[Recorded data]
━━━━
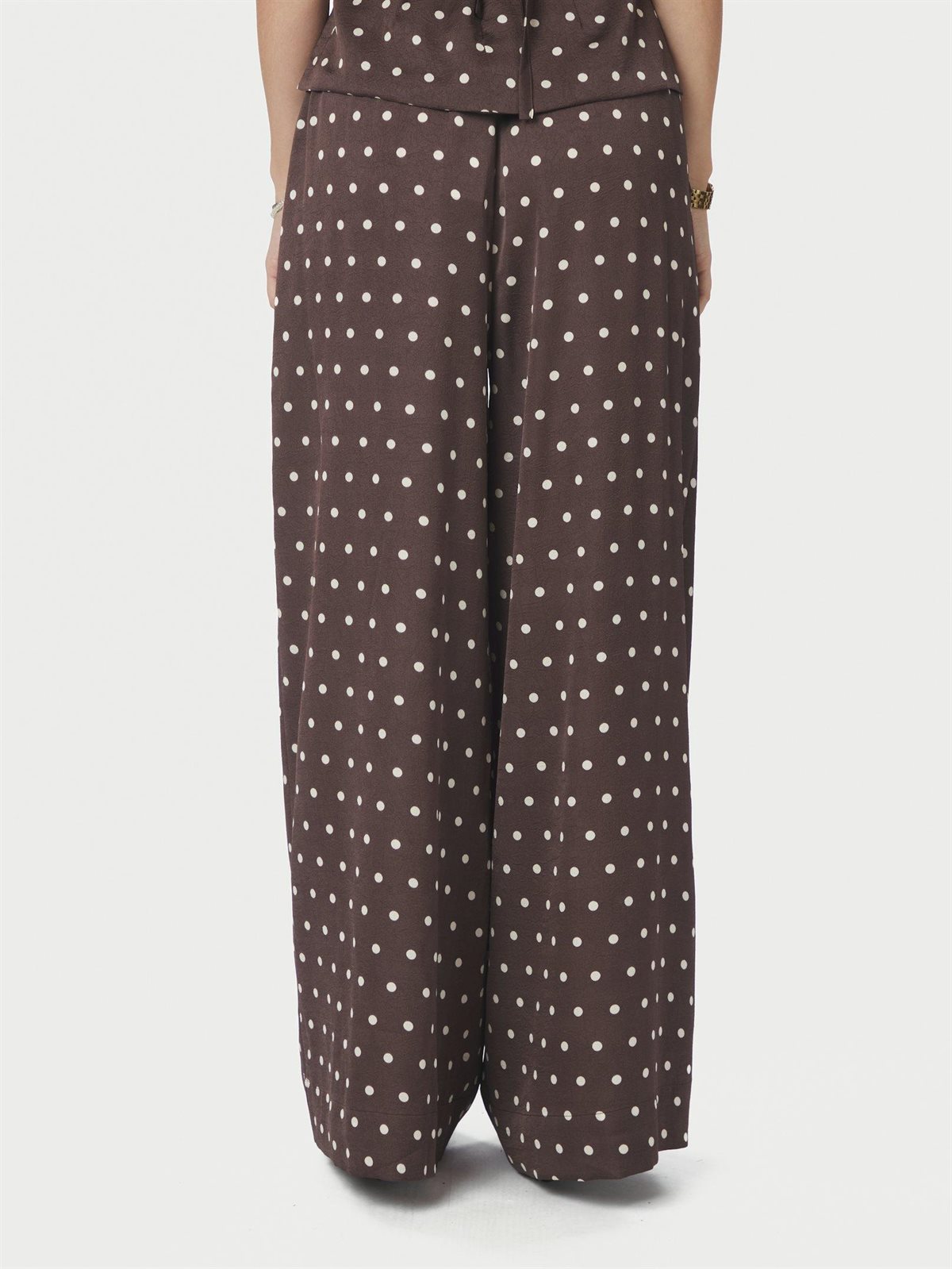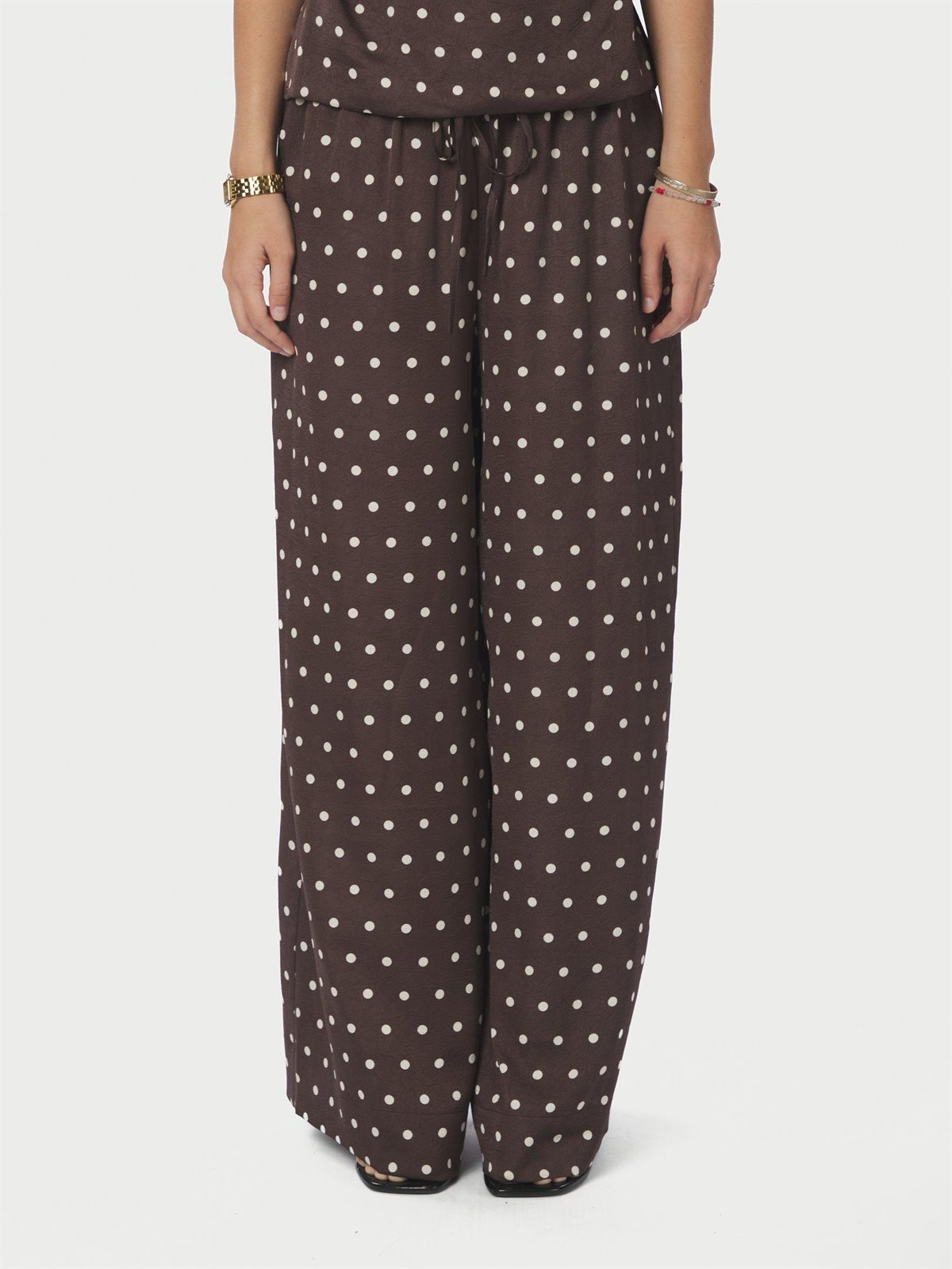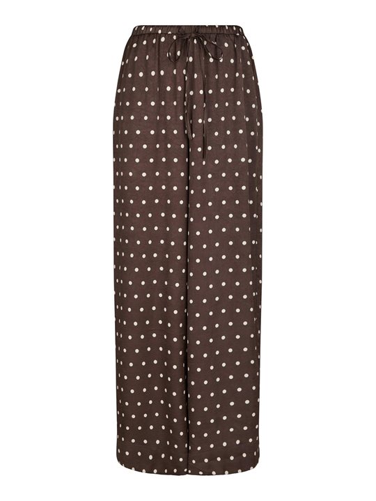 Så fine bukser fra Neo Noir i brun med råhvide prikker. Sebba Big Dot Pants er med elastikkant og snørrer i livet, har lommer i siderne og løse ben. Bukserne er i en smuk let crepet satinkvalitet og falder utrolig flot. En virkelig smuk og elegant style, der med fordel kan styles med matchende top.
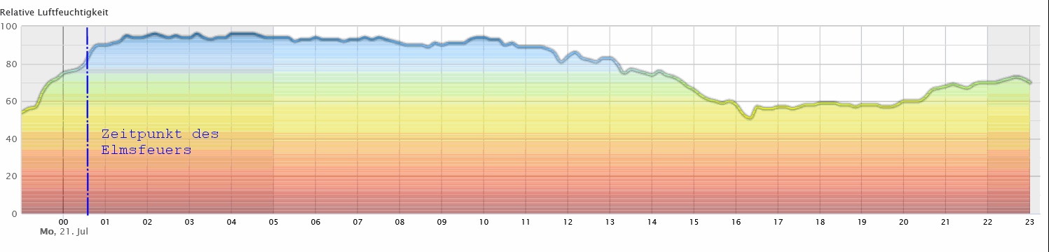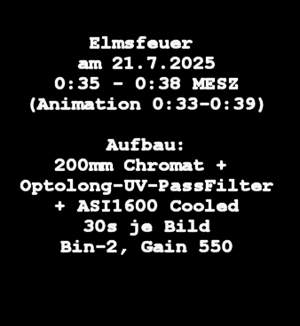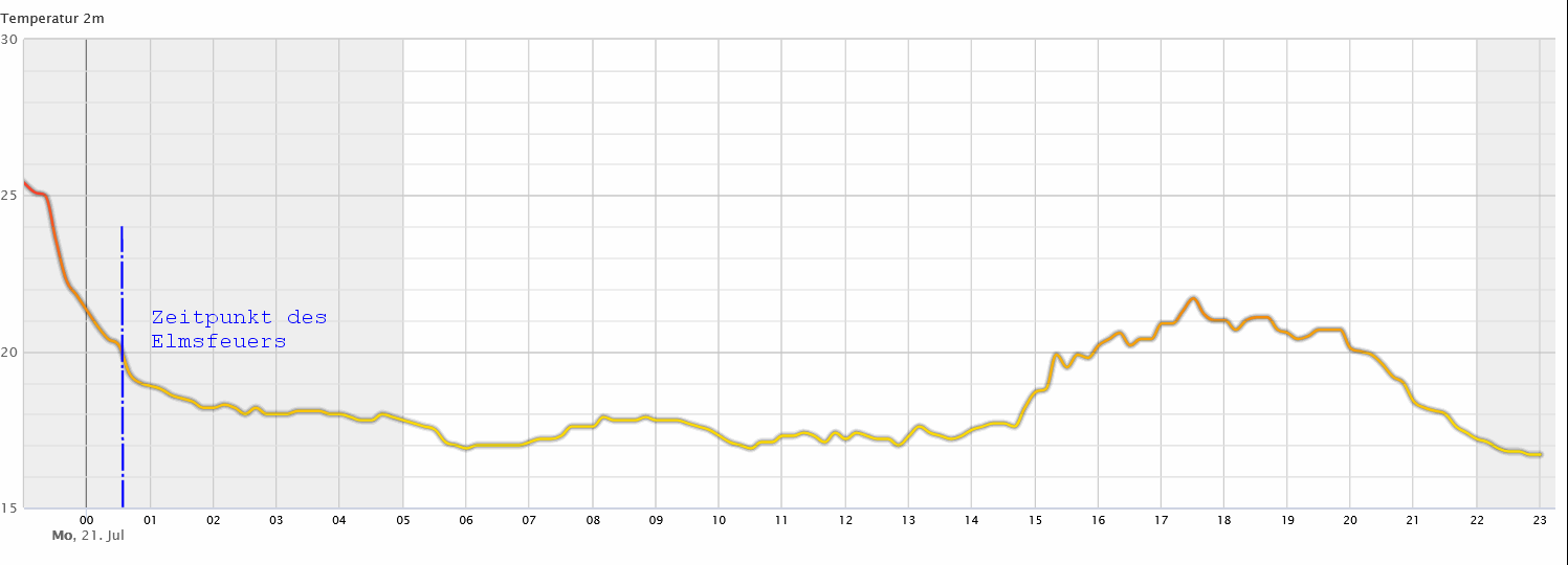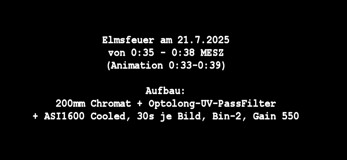Das erste Elmsfeuer vom 20/21.7.25 dauerte nur 3min, also 6
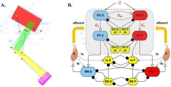 - Markin, S.N.; Klishko, A.N.; Shevtsova, N.A.; Lemay, M.A.; Prilutsky, B.I.; Rybak, I.A. A Neuromechanical Model of Spinal Control of Locomotion. In Neuromechanical Modeling of Posture and Locomotion; Prilutsky, B.I., Edwards, D.H., Eds.; Springer Series in Computational Neuroscience; Springer: New York, NY, USA, 2016; pp. 21–65. ISBN 978-1-4939-3267-2. [Google Scholar]
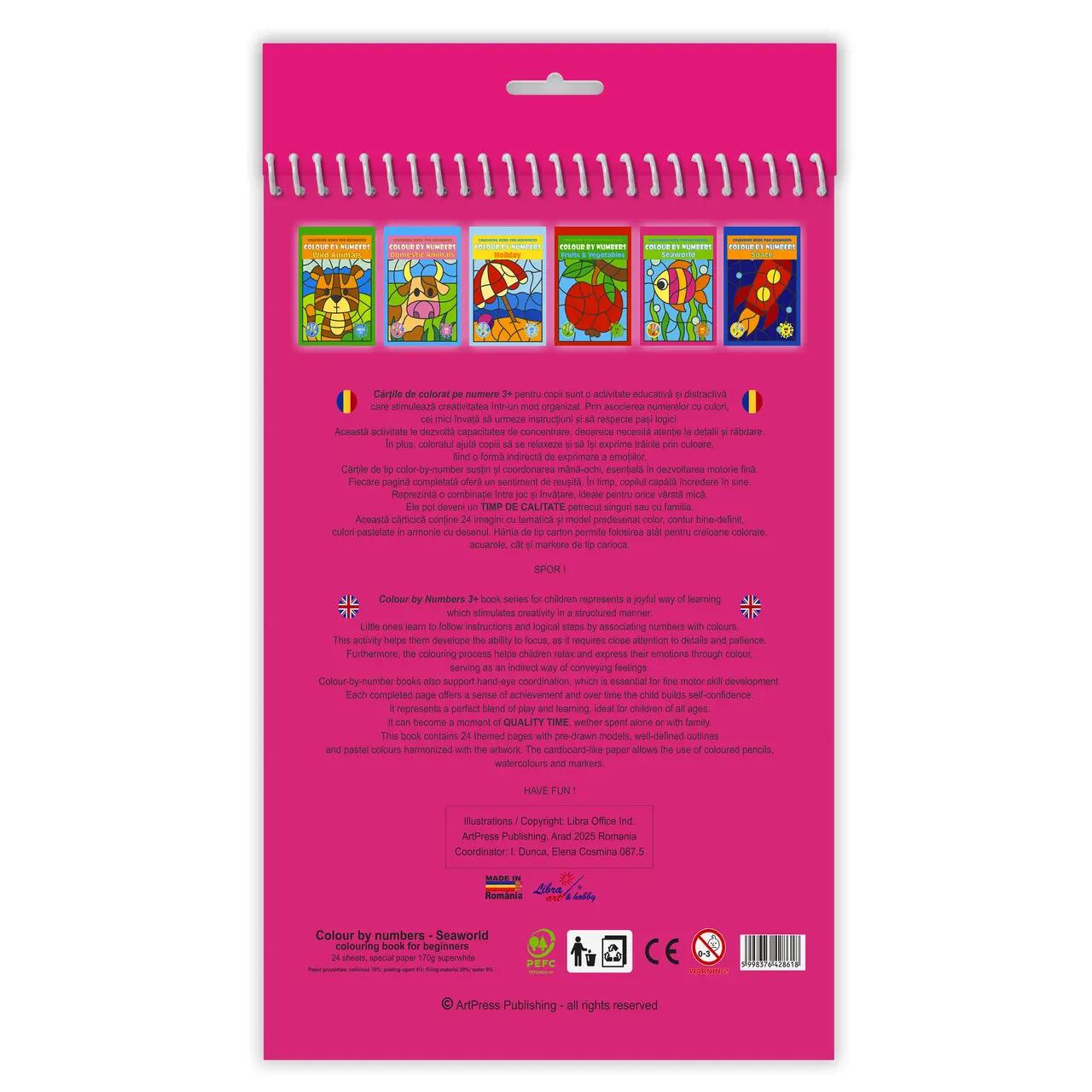Carte de colorat pe numere 3+ pentru copii incepatori, format A4 (210x297 mm), 24 imagini tiparite pe carton de 170g fata, legare cu spirala de plastic continua. La 4 bucati cumparate primesti 1 GRATIS!
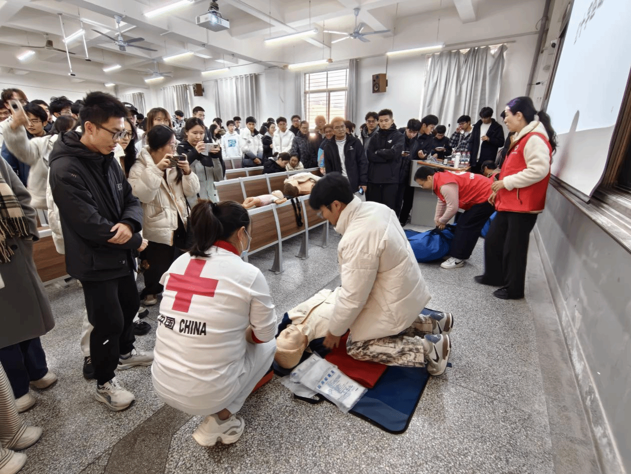 为将生命安全教育融入新生入学核心环节,学院携手盐城市红十字会在体知楼开展心肺复苏(CPR+AED)专题培训。市红十字会蔡裕宁、卢颖华、姚凌受邀指导,张琼丹等四位老师授课,辅导员张子怡参与其中。蔡裕宁老师以“红十字运动的人文精神”为切入点,结合真实案例强调心肺复苏“黄金救援”作用,呼吁新生认真学习、转化技能。培训采用“线上理论考试+现场技能考核”模式,新生需独立完成完整急救流程,考核合格者获培训合格证明,切实掌握急救技能、树立安全意识。
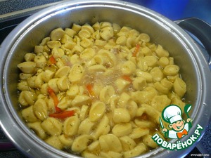 Раскатываем наше тесто в тоненькие жгутики, отщипываем кухонными ножницами маленькие клёцки прямо в кастрюлю. -
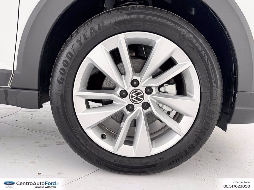 Adaptive Cruise Control - ACC Cerchi in lega Bangalore 6,5 J x 17 e pneumatici 205/55 R17 a bassa Chiusura centralizzata Keyless-Entry senza dispositivo di sicurezza Safe Cristalli posteriori e lunotto oscurati Edition Plus Equipaggiamento Italia Light & Vision Pack Plus Mancorrenti neri Park Pilot - Sensori di parcheggio anteriori e posteriori Radio Ready 2 Discover Ready for We Connect e We Connect Plus o VW Connect e VW Connect Plus Ruota di scorta in acciaio di dimensioni ridotte da 15 Supplemento colore speciale e/o metallizzato Videocamera per retromarcia Rear view Volkswagen Extra Time 2 anni fino a 80.000 km
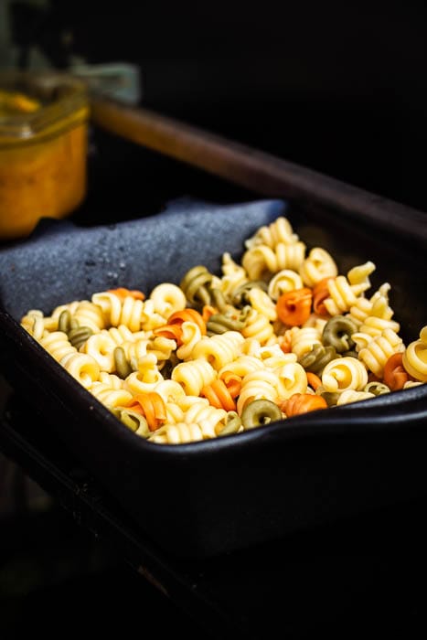 - Kook de pasta volgens de instructies op de verpakking in gezouten water. Spoel de pasta en laat afkoelen. Plaats deze vervolgens in een ovenschaal.
━━━━
● Work task
Your reply should consist solely of the lines above, from the opening line through the line with "Das erste Elmsfeuer", reproduced exactly and without pictures.

● Completed task
 Så fine bukser fra Neo Noir i brun med råhvide prikker. Sebba Big Dot Pants er med elastikkant og snørrer i livet, har lommer i siderne og løse ben. Bukserne er i en smuk let crepet satinkvalitet og falder utrolig flot. En virkelig smuk og elegant style, der med fordel kan styles med matchende top.
Das erste Elmsfeuer vom 20/21.7.25 dauerte nur 3min, also 6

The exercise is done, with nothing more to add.